Here are five talking points from the game:

More Harsh Lessons

Last week Villa were architects of their own downfall after a dawdling Jack Grealish allowed Harry Kane to score.

This weekend sloppy mistakes once again cost Dean Smith’s side. Douglas Luiz was at fault for Bournemouth’s second, the Brazilian letting Trezeguet’s pass roll under his legs to Harry Wilson whose long-range shot found the back of the net via deflections from Tyrone Mings and the post.

It’s one of the most obvious statements you’ll ever read, but you can’t be taking risks in front of your own penalty area at the top level. The Pride need to buck this trend as soon as possible.

A Mixed Bag from Douglas Luiz

As previously mentioned, Douglas Luiz was at fault for Bournemouth’s second, and for the first twenty minutes the midfielder looked nervy.

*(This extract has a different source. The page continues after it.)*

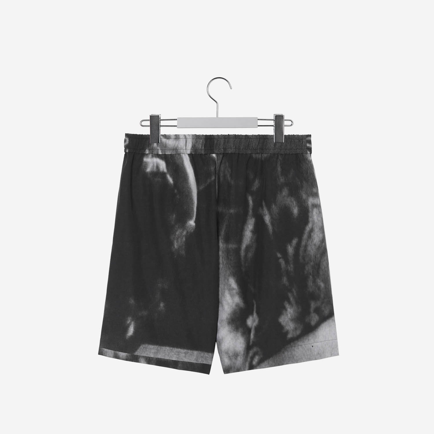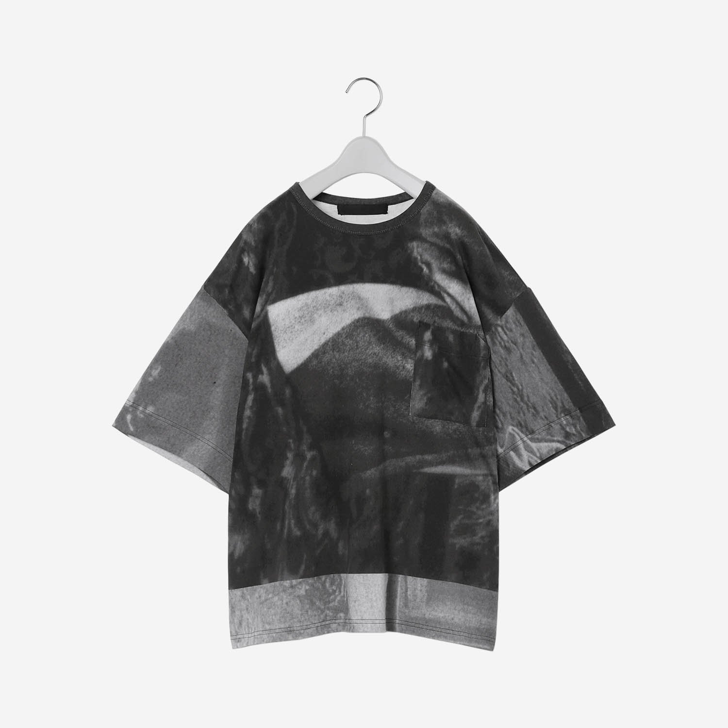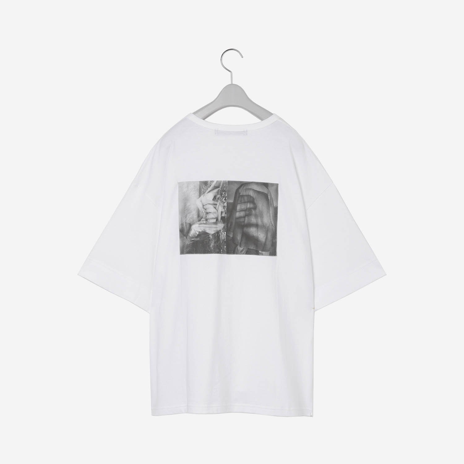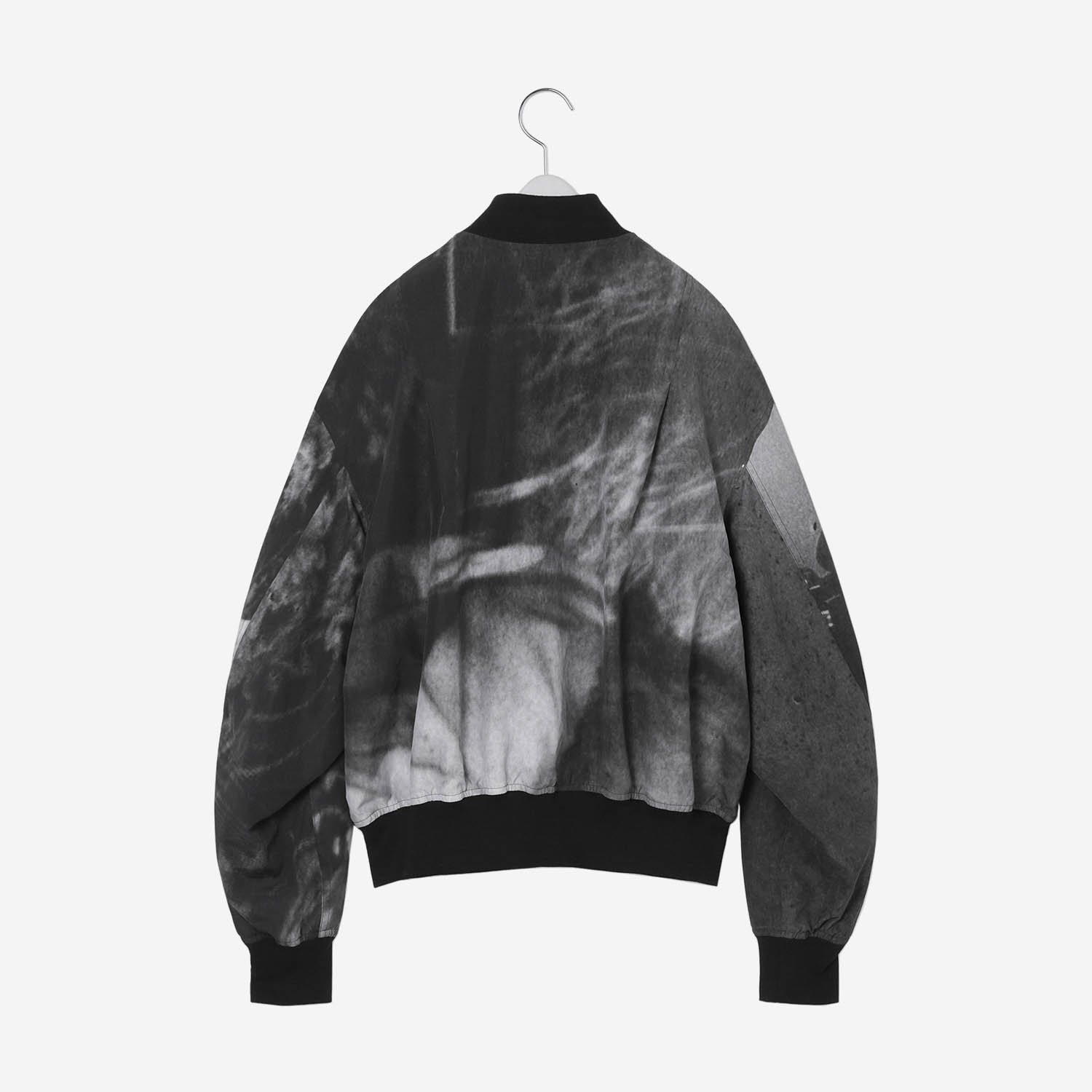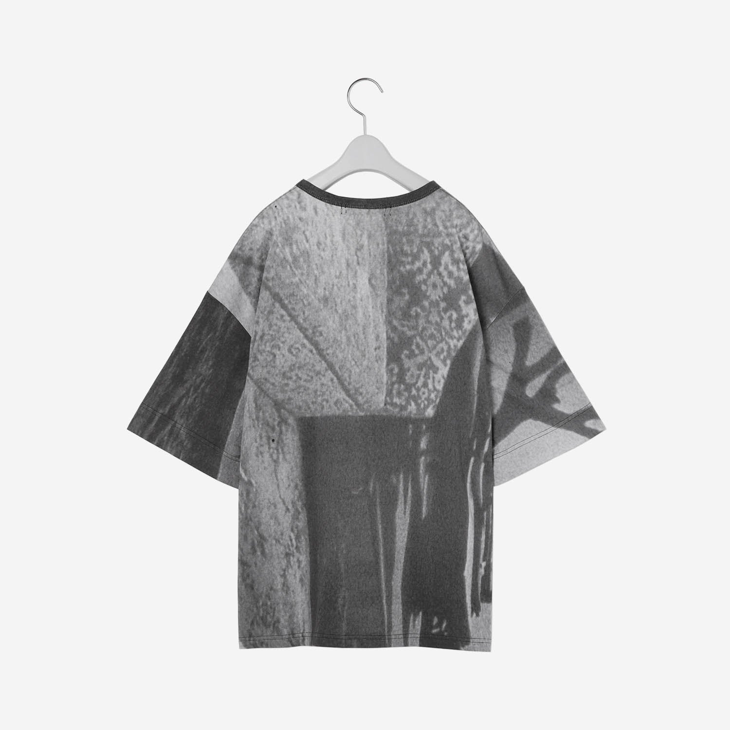 今回のコラボは、第1弾コラボのアイテムを着用したモデルを横田が撮影し、その作品をウェアに落とし込んだ。モノクロの写真をランダムに施したショート丈のMA-1ジャケット「DY Short MA-1 Jacket」(6万3800)をはじめ、胸と背面にモノクロの作品をプリントしたオーバーサイズの開襟シャツ「DY Oversized Shirt」(5万600)や、グラフィックを全面に配したセットアップで着用可能な半袖Tシャツ「DY Drop Shoulder Tee」(2万6400)とショーツ「DY Sports Shorts」(4万8400/いずれも税込)など全9型を用意する。なおウェアにプリントするグラフィックは1点ごとに異なるアートピースとなっている。

With the Brazilian almost conceding an own goal after awkwardly diverting a cross over the bar with his right soon after too.

However, the former Manchester City man got Villa moving with some unspectacular but positive forward passes from the base of midfield. Who could forget his goal too; an arrowing strike from outside the box into the top right-hand corner.

Some fans were calling for Douglas Luiz to be taken off for Conor Hourihane at half time, and no doubt his goal and second-half display changed the minds of most fans.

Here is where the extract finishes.